#### [Given data]
* * * * * * *

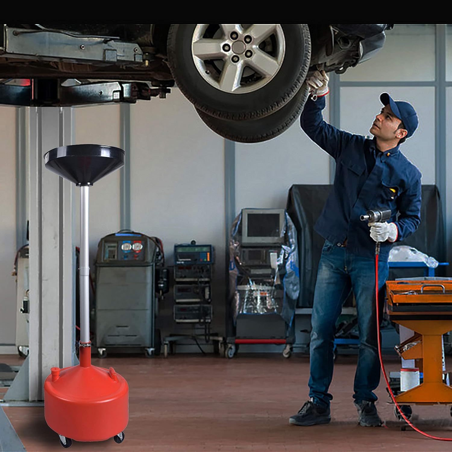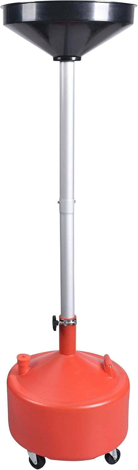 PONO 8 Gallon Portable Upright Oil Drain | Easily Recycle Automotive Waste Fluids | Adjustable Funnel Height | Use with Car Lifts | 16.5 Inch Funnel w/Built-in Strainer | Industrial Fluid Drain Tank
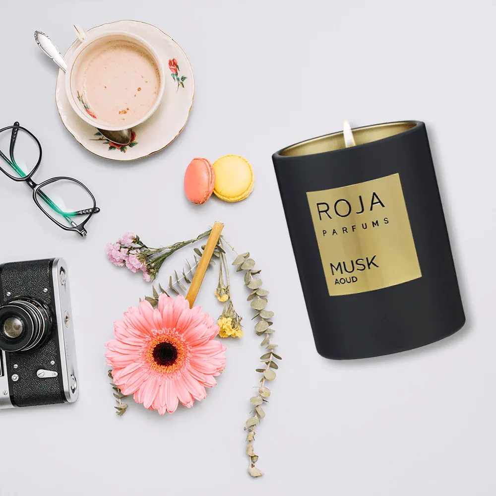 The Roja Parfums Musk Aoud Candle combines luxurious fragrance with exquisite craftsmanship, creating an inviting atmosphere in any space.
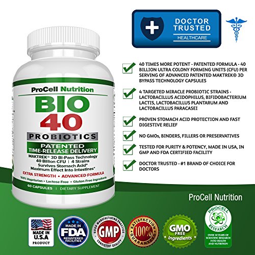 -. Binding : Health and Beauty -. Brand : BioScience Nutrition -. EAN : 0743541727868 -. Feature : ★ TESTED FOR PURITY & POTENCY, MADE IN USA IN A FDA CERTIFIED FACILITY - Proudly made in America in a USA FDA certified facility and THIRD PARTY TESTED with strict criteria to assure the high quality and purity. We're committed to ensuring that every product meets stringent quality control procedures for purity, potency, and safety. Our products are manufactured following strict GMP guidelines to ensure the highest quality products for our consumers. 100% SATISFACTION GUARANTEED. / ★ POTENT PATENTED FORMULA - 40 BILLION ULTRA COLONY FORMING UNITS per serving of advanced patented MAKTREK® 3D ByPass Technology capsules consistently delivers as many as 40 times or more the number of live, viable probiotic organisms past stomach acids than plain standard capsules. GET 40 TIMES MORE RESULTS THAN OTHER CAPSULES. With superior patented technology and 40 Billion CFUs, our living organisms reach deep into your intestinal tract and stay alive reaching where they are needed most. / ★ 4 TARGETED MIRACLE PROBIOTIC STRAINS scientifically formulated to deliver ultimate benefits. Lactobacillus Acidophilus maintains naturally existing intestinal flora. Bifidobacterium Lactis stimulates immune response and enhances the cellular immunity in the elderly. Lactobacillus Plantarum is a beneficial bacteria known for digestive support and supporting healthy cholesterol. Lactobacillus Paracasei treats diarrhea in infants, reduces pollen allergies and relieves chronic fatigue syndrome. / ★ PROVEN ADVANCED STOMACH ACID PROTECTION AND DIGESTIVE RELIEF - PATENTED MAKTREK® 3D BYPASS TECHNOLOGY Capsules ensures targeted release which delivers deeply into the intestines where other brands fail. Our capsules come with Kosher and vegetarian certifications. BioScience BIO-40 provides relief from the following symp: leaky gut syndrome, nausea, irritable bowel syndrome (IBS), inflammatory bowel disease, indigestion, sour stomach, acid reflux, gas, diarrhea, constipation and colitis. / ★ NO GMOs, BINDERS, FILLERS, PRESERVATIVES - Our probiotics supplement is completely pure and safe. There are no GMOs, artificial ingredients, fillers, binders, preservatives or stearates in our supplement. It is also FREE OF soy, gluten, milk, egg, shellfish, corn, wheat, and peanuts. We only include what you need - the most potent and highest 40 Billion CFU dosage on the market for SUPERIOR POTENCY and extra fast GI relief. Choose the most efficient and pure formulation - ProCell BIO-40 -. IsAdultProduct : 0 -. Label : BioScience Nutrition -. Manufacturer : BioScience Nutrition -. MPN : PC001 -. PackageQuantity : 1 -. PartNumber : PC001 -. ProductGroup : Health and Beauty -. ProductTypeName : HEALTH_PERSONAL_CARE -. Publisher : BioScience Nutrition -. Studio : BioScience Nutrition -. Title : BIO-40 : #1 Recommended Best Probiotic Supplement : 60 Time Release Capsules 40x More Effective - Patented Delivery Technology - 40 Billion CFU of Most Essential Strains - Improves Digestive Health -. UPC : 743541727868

* * * * * * *

#### [Work item]
From the first line of the listing above, repeat every line through the one holding "The Roja Parfums". Both ends count, and pictures stay out.

#### [Answer to this exercise]
 PONO 8 Gallon Portable Upright Oil Drain | Easily Recycle Automotive Waste Fluids | Adjustable Funnel Height | Use with Car Lifts | 16.5 Inch Funnel w/Built-in Strainer | Industrial Fluid Drain Tank
 The Roja Parfums Musk Aoud Candle combines luxurious fragrance with exquisite craftsmanship, creating an inviting atmosphere in any space.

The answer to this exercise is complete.